- Opening Delimiter -

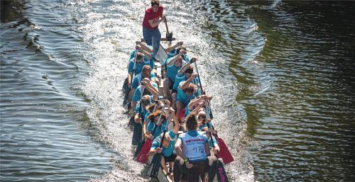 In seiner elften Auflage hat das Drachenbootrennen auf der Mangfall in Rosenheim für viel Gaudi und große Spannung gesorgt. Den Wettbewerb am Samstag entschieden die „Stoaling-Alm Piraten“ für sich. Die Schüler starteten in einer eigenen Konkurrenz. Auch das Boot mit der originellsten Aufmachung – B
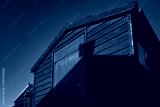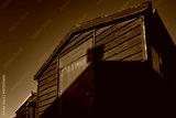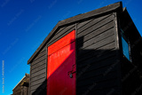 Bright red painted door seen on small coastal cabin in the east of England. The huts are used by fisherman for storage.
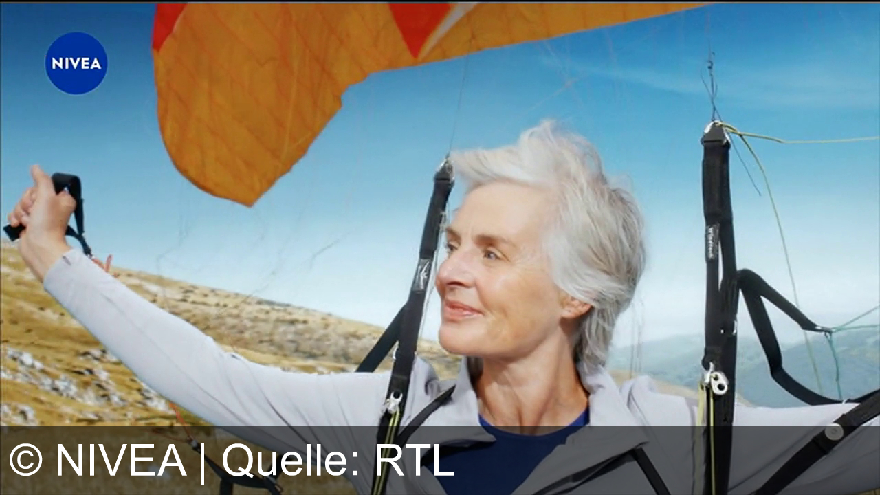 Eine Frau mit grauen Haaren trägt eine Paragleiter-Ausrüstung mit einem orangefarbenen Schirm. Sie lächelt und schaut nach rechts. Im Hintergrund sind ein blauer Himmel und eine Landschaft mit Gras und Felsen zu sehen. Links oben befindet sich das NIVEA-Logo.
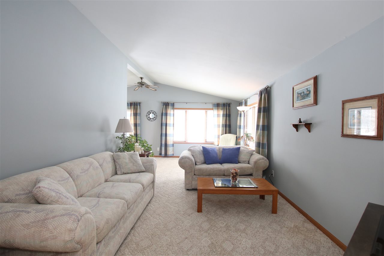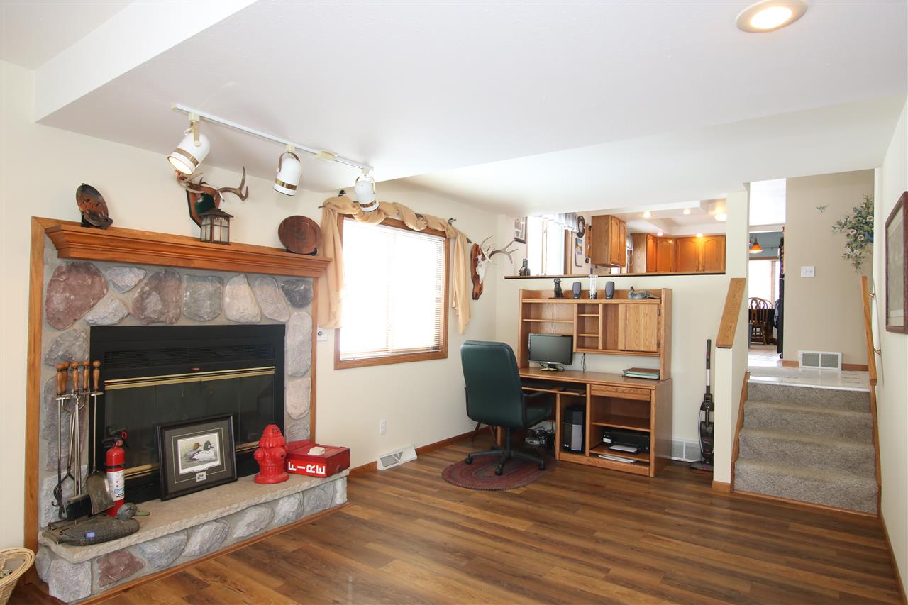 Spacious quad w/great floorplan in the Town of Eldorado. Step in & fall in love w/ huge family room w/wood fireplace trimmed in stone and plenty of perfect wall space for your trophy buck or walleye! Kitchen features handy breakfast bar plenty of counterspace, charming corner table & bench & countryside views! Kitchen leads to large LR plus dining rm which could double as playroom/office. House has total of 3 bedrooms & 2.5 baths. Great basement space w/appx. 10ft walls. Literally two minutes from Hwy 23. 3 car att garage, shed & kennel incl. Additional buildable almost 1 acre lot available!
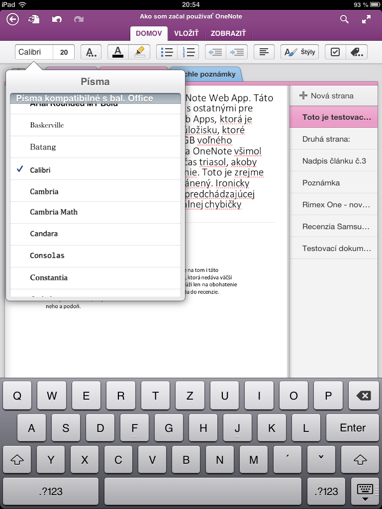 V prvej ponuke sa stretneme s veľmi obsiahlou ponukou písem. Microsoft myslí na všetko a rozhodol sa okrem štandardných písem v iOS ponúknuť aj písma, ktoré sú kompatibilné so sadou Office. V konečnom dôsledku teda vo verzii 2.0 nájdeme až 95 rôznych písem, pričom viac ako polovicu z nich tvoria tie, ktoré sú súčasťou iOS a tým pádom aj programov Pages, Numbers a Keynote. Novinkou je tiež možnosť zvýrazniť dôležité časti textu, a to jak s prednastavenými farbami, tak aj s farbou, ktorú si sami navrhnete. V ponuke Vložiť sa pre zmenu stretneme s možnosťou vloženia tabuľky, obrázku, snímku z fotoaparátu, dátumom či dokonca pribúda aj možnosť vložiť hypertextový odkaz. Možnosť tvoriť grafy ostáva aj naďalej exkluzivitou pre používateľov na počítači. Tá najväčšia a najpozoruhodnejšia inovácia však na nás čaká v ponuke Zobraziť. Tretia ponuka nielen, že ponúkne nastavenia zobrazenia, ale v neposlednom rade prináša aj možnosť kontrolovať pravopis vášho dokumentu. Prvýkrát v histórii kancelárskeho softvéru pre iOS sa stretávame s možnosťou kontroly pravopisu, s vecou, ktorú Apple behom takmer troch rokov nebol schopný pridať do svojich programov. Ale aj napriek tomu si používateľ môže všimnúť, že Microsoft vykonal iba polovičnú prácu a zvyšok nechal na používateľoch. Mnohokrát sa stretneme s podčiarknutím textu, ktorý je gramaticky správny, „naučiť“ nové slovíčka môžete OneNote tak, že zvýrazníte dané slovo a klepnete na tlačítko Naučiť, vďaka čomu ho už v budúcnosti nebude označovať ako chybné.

- Closing Delimiter -

**Work instruction**
Could you reproduce exactly the lines from the first line of the listing through the line containing "Eine Frau mit", both included, with pictures left out?

**Answer to this exercise**
 In seiner elften Auflage hat das Drachenbootrennen auf der Mangfall in Rosenheim für viel Gaudi und große Spannung gesorgt. Den Wettbewerb am Samstag entschieden die „Stoaling-Alm Piraten“ für sich. Die Schüler starteten in einer eigenen Konkurrenz. Auch das Boot mit der originellsten Aufmachung – B
 Bright red painted door seen on small coastal cabin in the east of England. The huts are used by fisherman for storage.
 Eine Frau mit grauen Haaren trägt eine Paragleiter-Ausrüstung mit einem orangefarbenen Schirm. Sie lächelt und schaut nach rechts. Im Hintergrund sind ein blauer Himmel und eine Landschaft mit Gras und Felsen zu sehen. Links oben befindet sich das NIVEA-Logo.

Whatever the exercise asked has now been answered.